Do not treat this as fire-and-forget.
Response 200 OK:
{
"userId": "01j9pa5mz700000000000000",
"recordsAnonymized": 1842,
"status": "completed",
"completedAt": "2026-04-15T10:30:05.123Z"
}
SDK:
const result = await kernel.audit().anonymize({
userId: '01j9pa5mz700000000000000',
});
// result.recordsAnonymized: 1842
// result.status: 'completed'
PII Replacement Map
| Field | Original value | After anonymization |
|---|---|---|
email | [email protected] | [REDACTED] |
ip | 192.0.2.10 | 0.0.0.0 |
name | Alice Wonderland | [REDACTED] |
userAgent | Mozilla/5.0 (Macintosh...) | [REDACTED] |
userId | 01j9pa5mz700000000000000 | unchanged — needed for record correlation |
entityId | value unchanged | unchanged — audit trail integrity |
before / after | may contain PII | unchanged — module's responsibility to exclude PII |
Module responsibility: The Audit Service does not scan
before/afterJSON for PII. If a module recorded PII in these fields, it is not automatically redacted by the anonymization workflow. Modules must avoid placing PII inbefore/aftersnapshots.
Concurrency Control: Valkey Lock
The anonymization request sets a Valkey lock before inserting ANONYMIZE records. This prevents concurrent queries from reading stale (non-anonymized) data during the anonymization window:
Anonymization request arrives:
SET anonymizing:{userId} 1 EX 60 NX
→ acquired (no other anonymization in progress)
Concurrent GET /audit?userId={userId} arrives:
→ Query layer checks: GET anonymizing:{userId}
→ Lock present → wait for release (poll 100ms, max 5s)
→ Lock released → execute SELECT FINAL → returns anonymized records
Anonymization completes:
ClickHouse INSERT confirmed → Valkey lock deleted
→ All waiting queries resume
| Parameter | Value |
|---|---|
| Lock key | anonymizing:{userId} |
| Lock TTL | 60 seconds (failsafe — released manually after INSERT) |
| Polling interval | 100 ms |
| Max wait | 5 seconds — then 503 ANONYMIZATION_IN_PROGRESS |
| Concurrent anonymization for same userId | Rejected (409 Conflict) |
ReplacingMergeTree and SELECT FINAL
The ANONYMIZE record has the same primary key as the original record
(same (tenant_id, action, timestamp) components) but a later
timestamp. ClickHouse ReplacingMergeTree(timestamp) keeps only
the latest version during background merges.
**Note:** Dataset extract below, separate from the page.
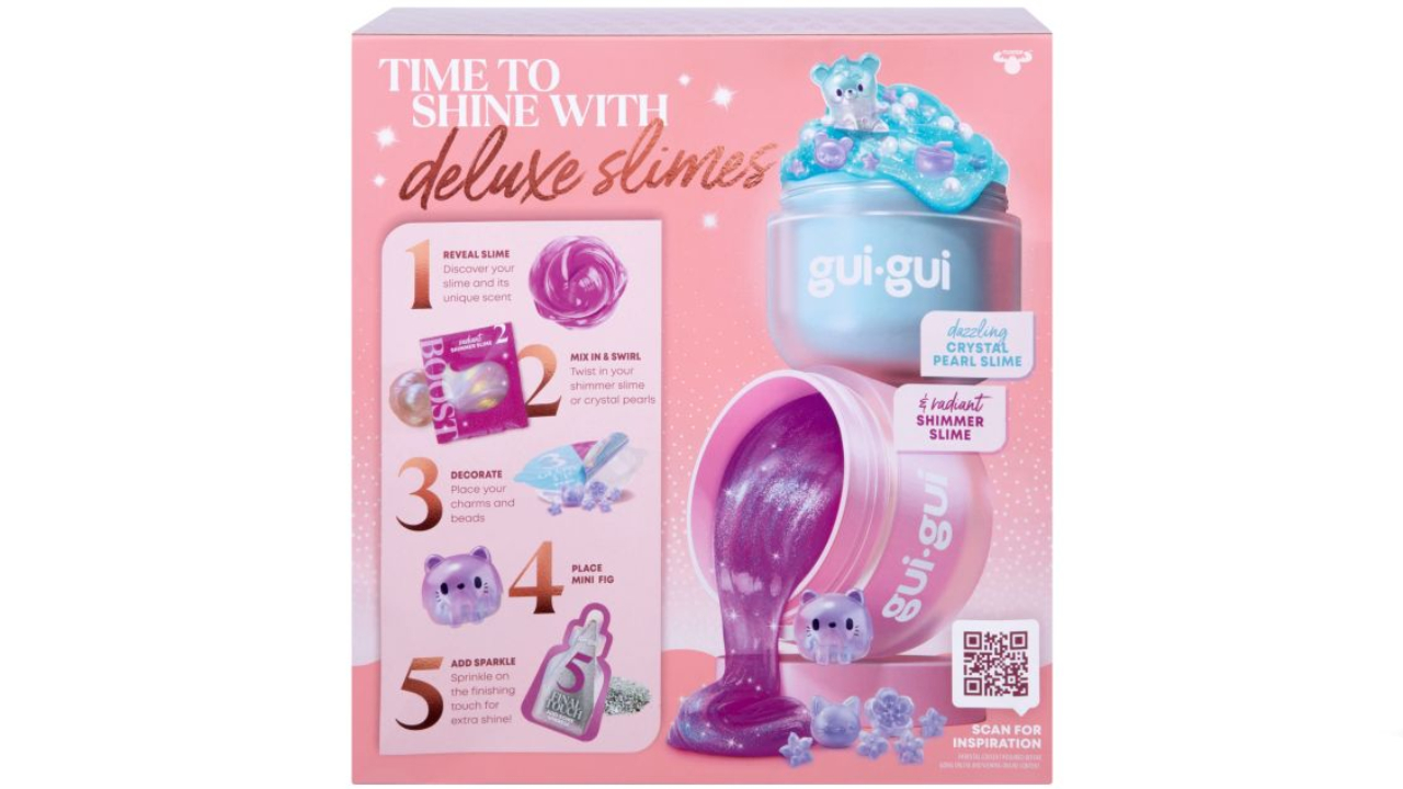 Treci la nivelul următor în jocul cu slime și conferă-i un aspect strălucitor cu pachetul exclusiv Gui Gui Shimmer Deluxe Duo Pack.

All queries in the Audit Service query layer use FINAL:
SELECT * FROM audit_logs FINAL
WHERE user_id = '01j9pa5mz700000000000000'
ORDER BY timestamp DESC;
With FINAL, ClickHouse deduplicates at query time, returning only
the ANONYMIZE record. Without FINAL, both the original and the
ANONYMIZE record may appear in the result set until the background
merge occurs.
Cold Storage: Monthly Rebuild
When POST /audit/anonymize is called, the Audit Service writes
the userId to the PostgreSQL anonymization_log table:
-- PostgreSQL
INSERT INTO anonymization_log (user_id, requested_at)
VALUES ('01j9pa5mz700000000000000', NOW());
A monthly background job rebuilds cold segments in S3 Glacier to ensure anonymization is also applied to records that were already tiered out of ClickHouse:
Monthly cold rebuild job:
1. Read all entries from anonymization_log (PostgreSQL)
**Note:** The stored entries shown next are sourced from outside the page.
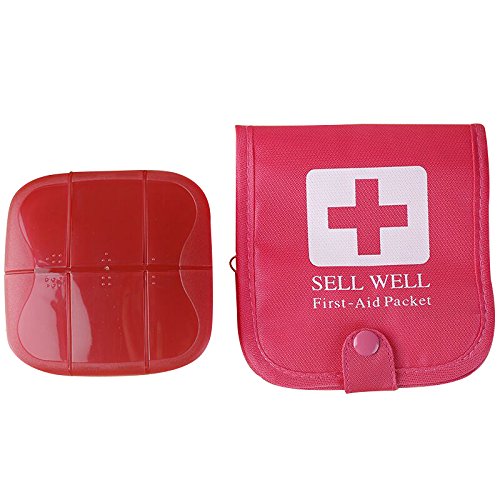 PuTwo Pill Box Case Square Organizers Storage Box with Multi-Pockets Bag, Red, 5.61 Ounce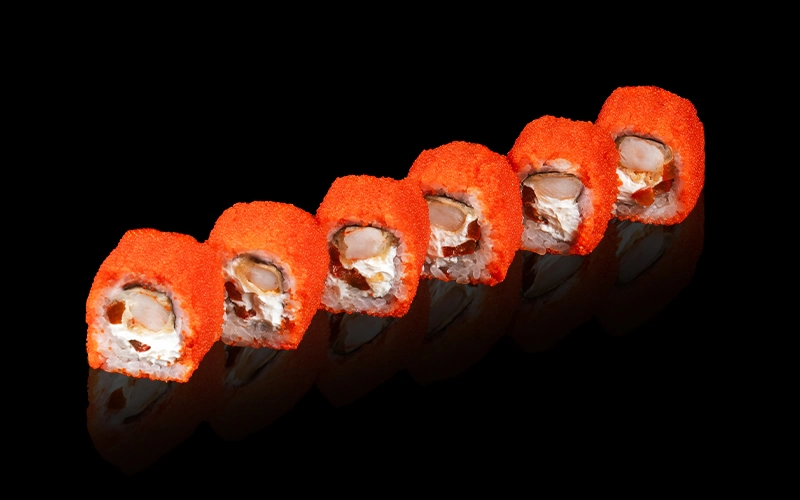 Урамаки с креветкой, огурцом и икрой летучей рыбы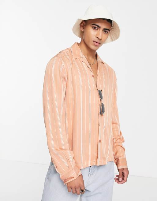 Camisa rosa ceñida de manga larga a rayas con solapas de River Island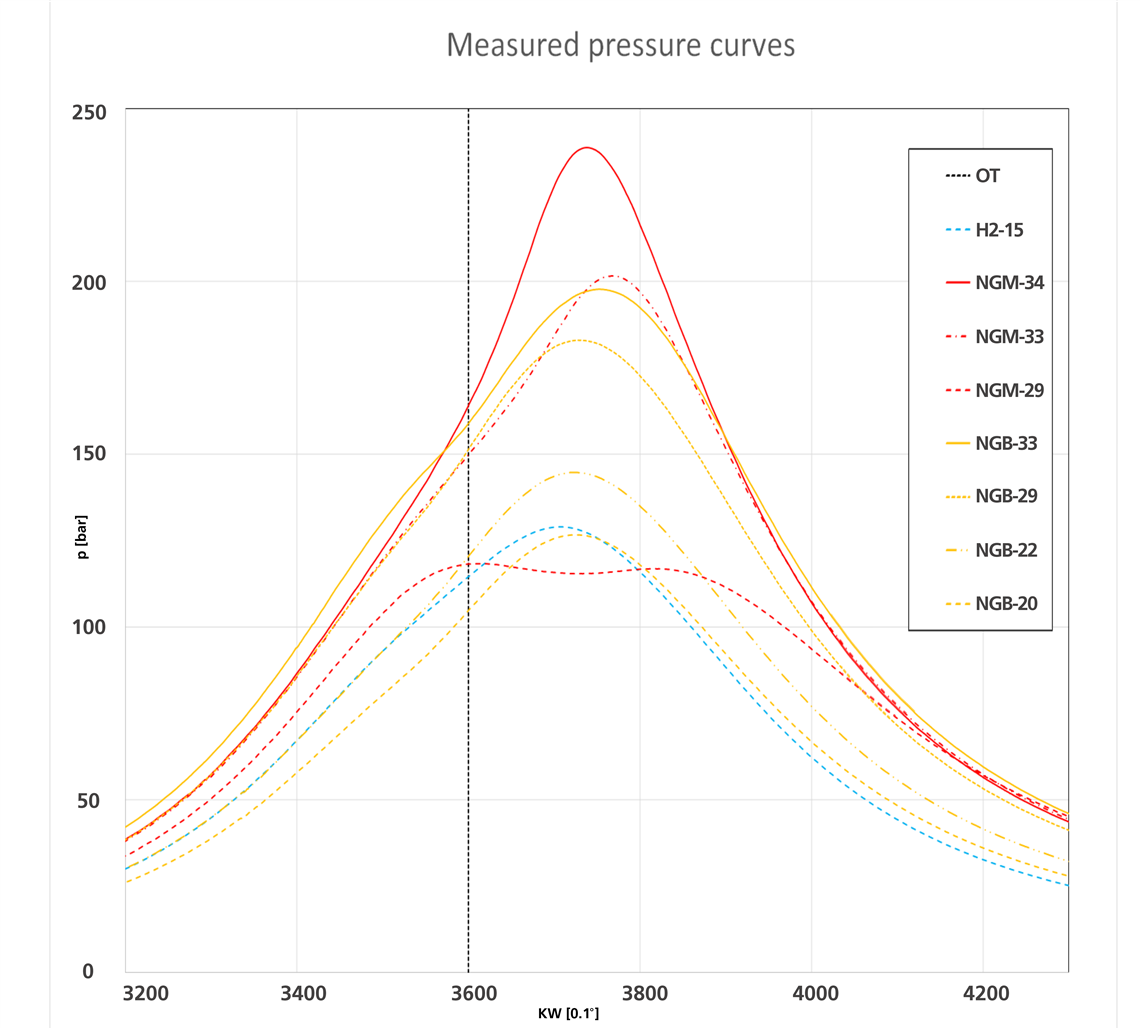Figure 3: Measured pressure curves with different fuels and engine settings

2. For each userId with records in Glacier:
a. Restore Glacier segment to S3 Standard (~3–12 hours)
b. Apply anonymization_log: replace PII with [REDACTED]
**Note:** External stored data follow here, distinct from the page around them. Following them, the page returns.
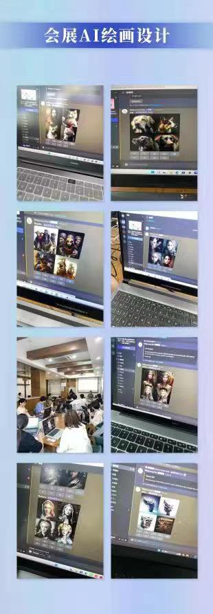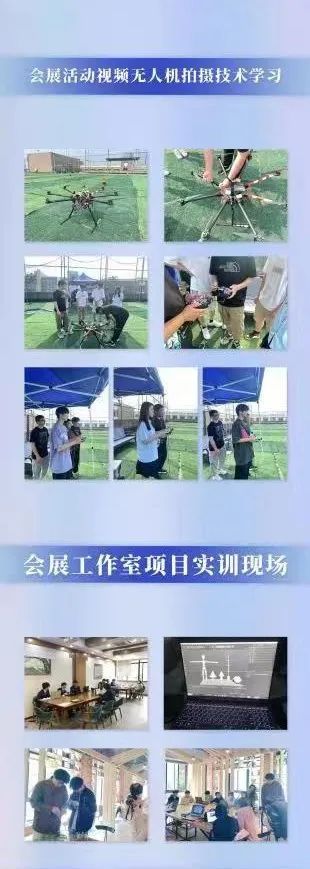 本学期的工作室成员分别来自21会展班、22会展A班、22会展B班,22会展五年制班这四个班级。工作室在本学期共开展了12次活动,学习与实践内容包括H5会展技能、会展展台3D模型设计、AI绘画设计、平面拍摄技术、无人机拍摄技术实训、“双运”短视频大赛辅导、第二十三届浙江省大学生多媒体作品设计竞赛辅导等。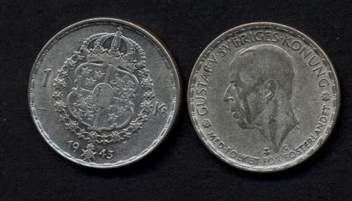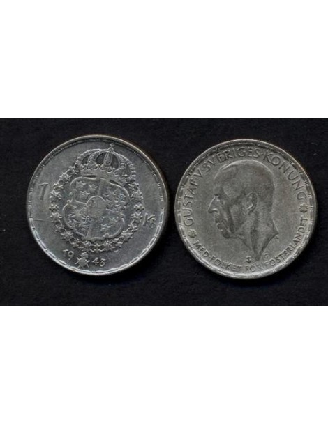 SWEDEN 1 Krona 1943 AG Gustaf V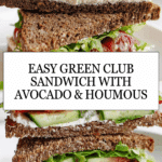 Keywords: green club sandwich, avocado sandwich, houmous sandwich, vegetarian lunch, healthy sandwich, wholegrain toast sandwich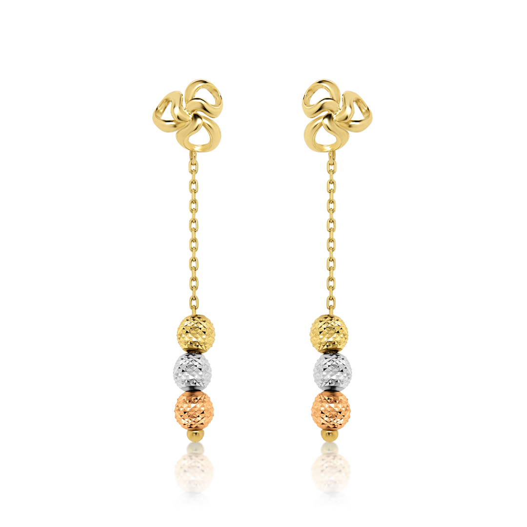Cercei din aur galben de 14K, cu element floare și biluțe fațetate.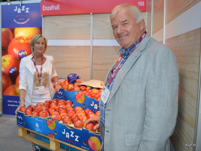 Enza promootte de Jazz. Ruiken, keuren en proeven van de nieuwe oogst appels van het Zuidelijk Halfrond. Tony Fissette en Greta Knapen.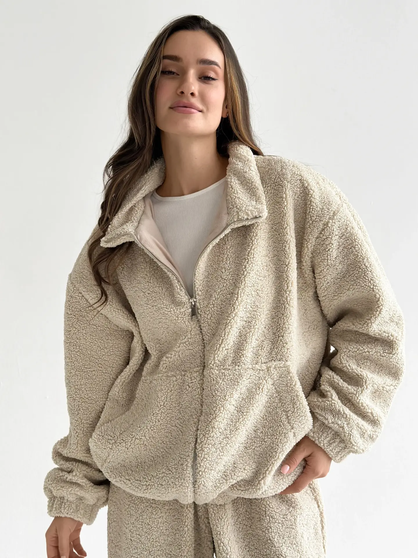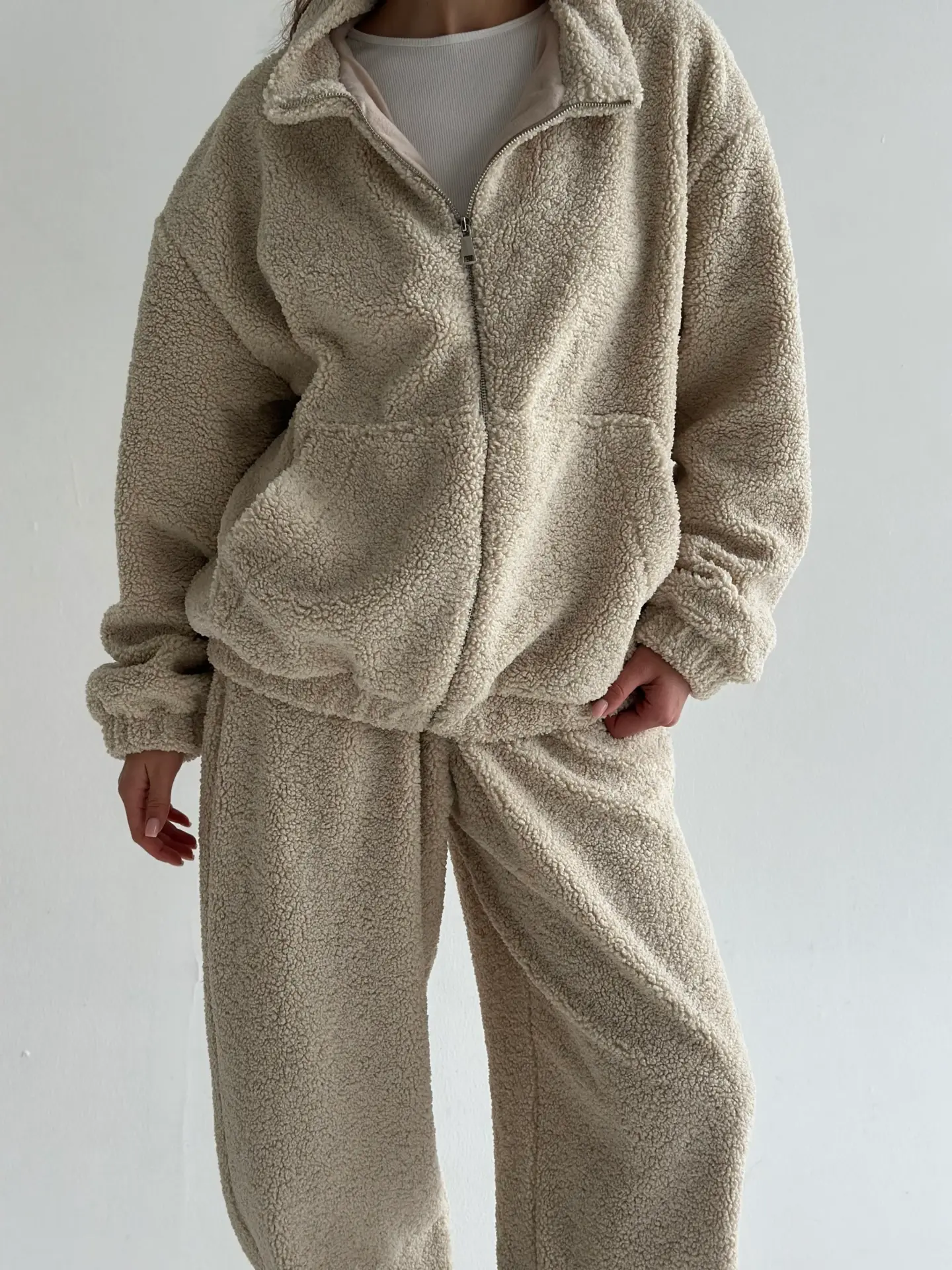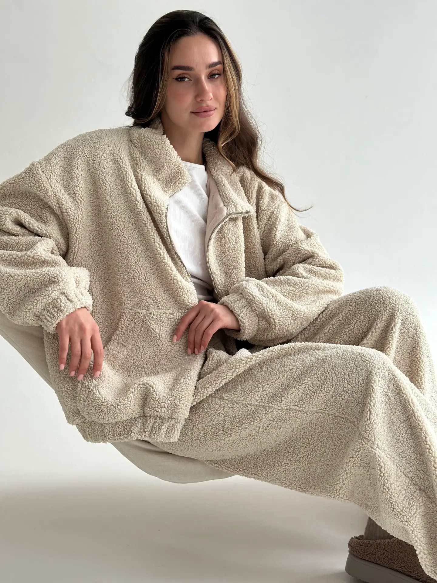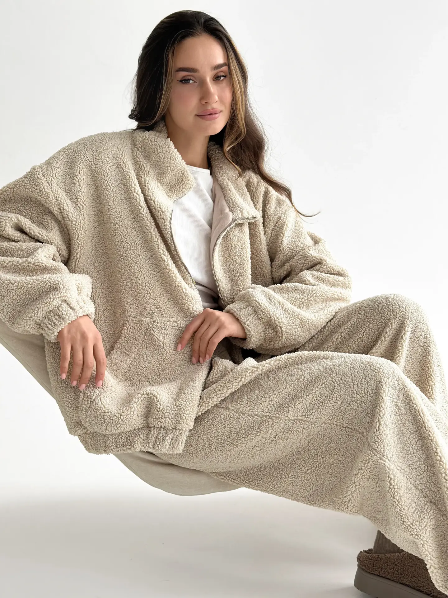 Костюм Teddy Soft — це максимум затишку та стилю. М’який пухнастий матеріал забезпечує комфорт і тепло, ідеально підходячи для холодних днів. Стильний крій і практична блискавка роблять костюм універсальним для дому чи прогулянок.

c. Write clean version back to Glacier
d. Delete temporary S3 Standard copy
3. Log rebuild completion in audit_cold_rebuilds table
This guarantees that GDPR anonymization is eventually consistent in cold storage — not just in hot ClickHouse.
AML / KYC Exception: Financial Records
Financial audit records are never anonymized, regardless of any GDPR request. This is a hard exception enforced at the service layer:
| Action prefix | Anonymizable? | Reason |
|---|---|---|
money.* | ❌ No | AML/KYC compliance — must retain 7 years |
billing.* | ❌ No | Financial compliance |
user.* | ✅ Yes | Standard GDPR |
role.* | ✅ Yes | Standard GDPR |
files.* | ✅ Yes | Standard GDPR |
notify.* | ✅ Yes | Standard GDPR |
When POST /audit/anonymize is called for a userId, the Audit
Service skips all records with action prefixes on the exclusion
list. These records remain in their original form forever.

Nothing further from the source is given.